Te pytania są chyba istotne nie tylko dla osób kochających inaczej, chociaż dla nich pewnie najbardziej. Pozostaje ważnym pytaniem, dlaczego część społeczeństwa nie nauczyła się czerpać z odmienności innych ludzi, dlaczego nie chce zrozumieć, że na świecie może być ciekawie tylko wtedy gdy ludzie się różnią i są wyraziści w swoim indywidualizmie. Jak często jeszcze uważamy odmienność za coś prawie egzotycznego, a warto zwrócić uwagę na taki oto fakt: co piętnasty mężczyzna jest gejem, co dwudziesta kobieta lesbijką. W zasadzie każdy dorosły człowiek zna przynajmniej piętnastu mężczyzn, lub jako student mógł być na roku, który liczył na przykład sześćdziesiąt osób. To znaczy, że wiedząc o tym, lub nie spotkał się w swoim życiu z osoba o odmiennej orientacji i prawdopodobnie może o tym do dzisiaj nie wiedzieć z tego prostego względu, że tego kto jest gejem, mówiąc kolokwialnie, nie widać. A jeżeli uznajemy, że homoseksualizm jest strasznym odstępstwem od normy, to można zwrócić uwagę, że: ponad 1% ludzi cierpi na schizofrenię, kilka procent ludzi w naszym katolickim państwie jest ateistami, kilka procent jest niepełnosprawnych ruchowo, że kilka procent jest fanami awangardowej sztuki, kilka procent jest niepełnosprawnych intelektualnie itd. Jednym słowem, gdybyśmy wychodzili z założenia, że należy izolować wszystkie osoby w jakikolwiek sposób odstępujących od jakiejś normy, to musielibyśmy odrzucać i niecierpieć pewnie z 95% całej ludzkości, co jest oczywiście absurdalne. Co więcej te 5% ludzi „normalnych", jakie by zostało, najprawdopodobniej byłoby osobnikami śmiertelnie nudnymi..

Z mówieniem o homoseksualizmie wiąże się przesąd, iż w ten sposób się go propaguje, co spotyka się z oporem heteroseksualnej większości, podobnie jak łysy nie darzy zrozumieniem lansowania mody na długie włosy. Jednak w przypadku homoseksualizmu jest inaczej. To tak jakby mówić o lansowaniu mody na skośne oczy: w jego wyniku prawdopodobnie nie przybędzie ani jeden skośnooki, choć subiektywnie może ich przybyć dość dużo na skutek tego, że odważą się zdjąć przyciemniane okulary. I to jednak jest wystarczająco przerażające dla zdeklarowanych przeciwników skośnych oczu. Ich fobie bowiem stają się coraz trudniejsze w obsłudze. Pozory są przecież dziećmi obłudy..

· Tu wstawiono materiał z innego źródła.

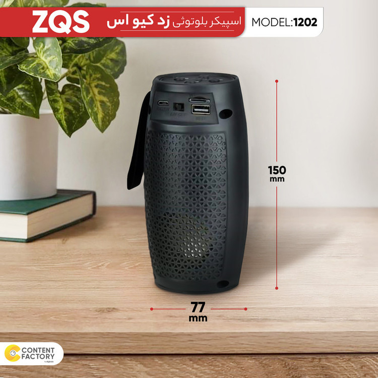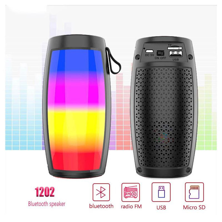 اسپیکر قابل حمل 1202 یک اسپیکر بلوتوثی رم و فلش خور با باند 2 اینچی و توان خروجی 5 وات است .پشتیبانی از اتصالات بی سیم نظیر بلوتوث تا برد 10 متر، پشتیبانی از کارت حافظه ، فلش usb و پشتیبانی از رادیو FM.دارای کلید خاموش و روشن اسپیکر ،کلید های مدیریت صدا ،پخش موسیقی و تغییر حالات نورپردازی از ویژگ های این اسپیکر می باشد. جنس بدنه اسپیکر 1202 از جنس پلاستیک ABS با کیفیت و مقاوم و همچنین دارای باتری لیتیومی با ظرفیت 500Mah ساعت با قابلیت شارژ مجدد می باشد.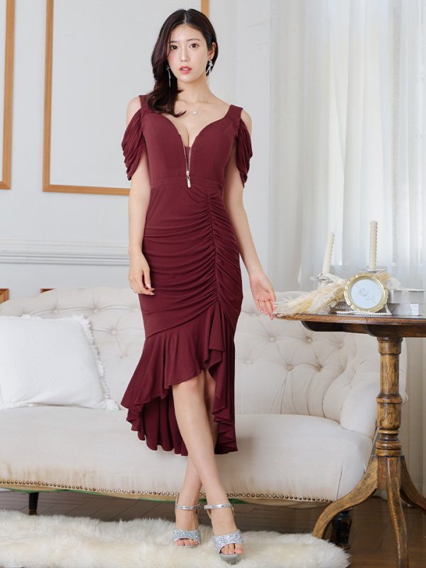 Lサイズあり【JEAN MACLEAN/ジャンマクレーン】マーメイド/ ワンカラー/ ニット/ フリルテール/ フロントジップ/ ストレッチ/ ひざ丈/ ミディアムドレス/ キャバドレス[OF2A] [45991-JM-Wine-S241018]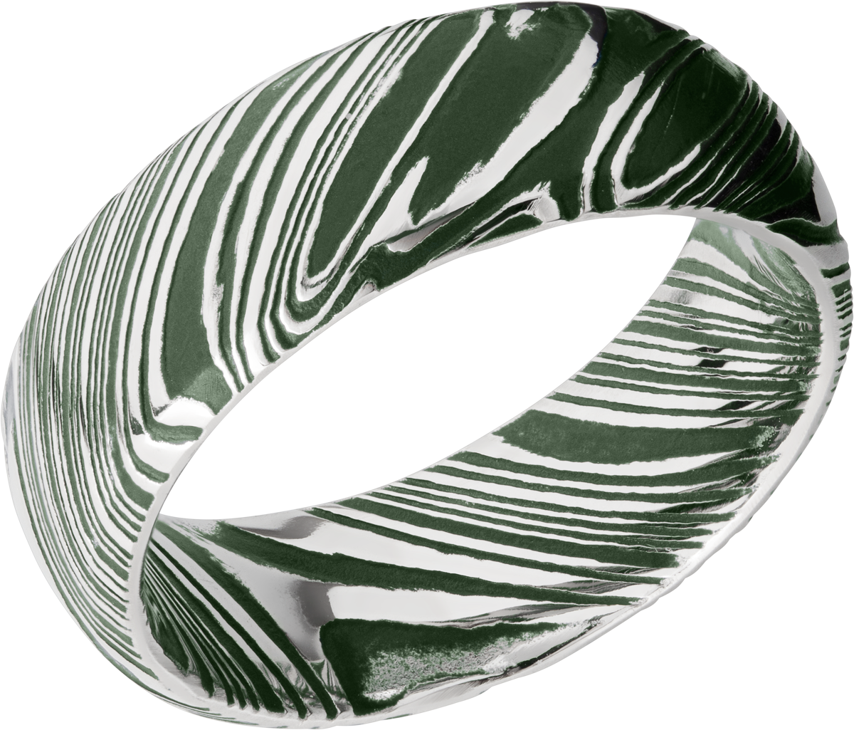 Woodgrain Damascus steel 8mm domed band beveled edges and Eastern Green Cerakote in the recessed pattern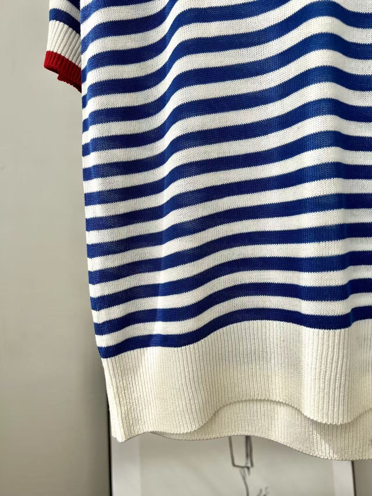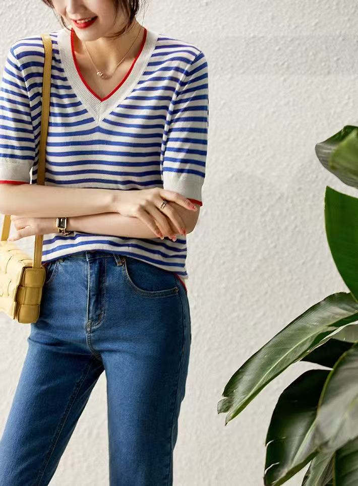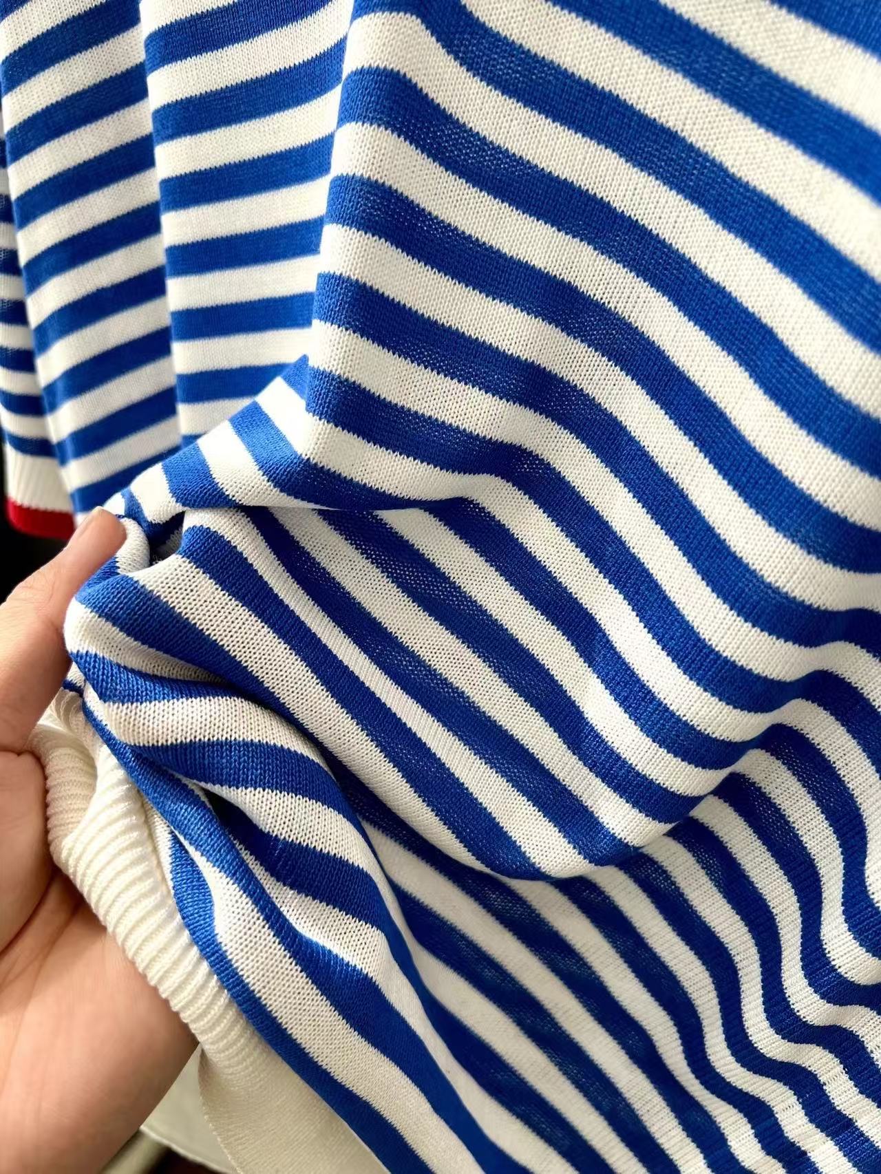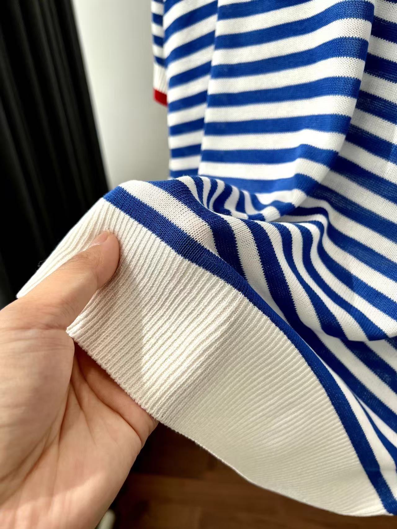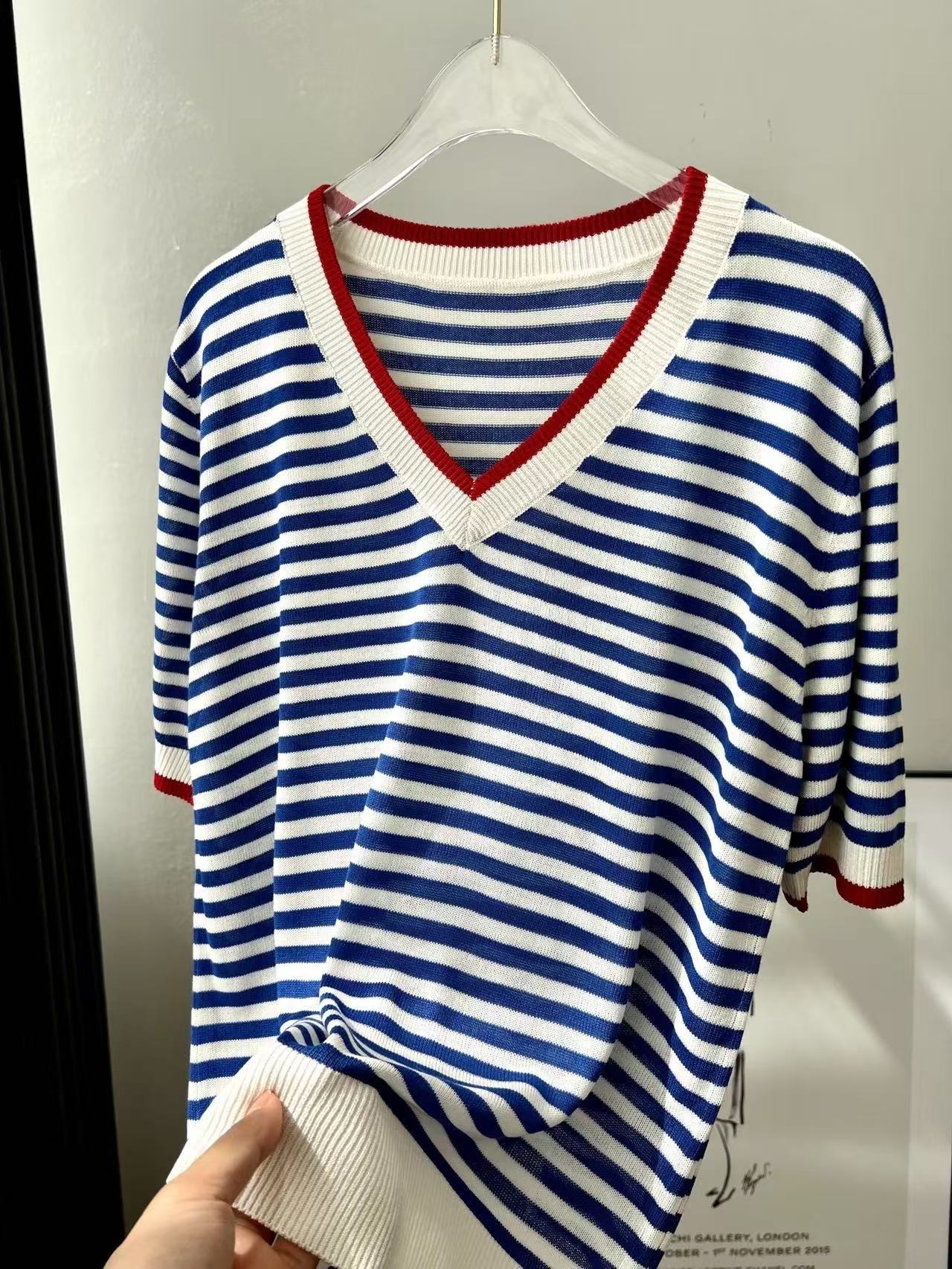 *【显瘦藏肉一绝】板绘法式经典条纹海魂衫 冰爽丝T恤 蓝白相撞永不过时的时髦元素 复古减龄优雅 凉爽又舒适

Homofobia jest zabobonem! szkodliwym dla wszystkich których dotyczy — dla samych homofobów w pewnym sensie również, dlatego zdecydowaliśmy się ukazać jej intelektualną płyciznę. Podejmujemy ten temat z wielu względów. Również dlatego, że czynnikiem obstrukcyjnym jest tutaj Kościół, a tym samym któż jak nie wolnomyśliciele bez półsłówek wskaże istotę i przyczyny problemu? Owszem, temat bywa podejmowany publicznie, ale wystąpieniom tym wiele brakuje, poza niedomówieniami, których jest aż nadto.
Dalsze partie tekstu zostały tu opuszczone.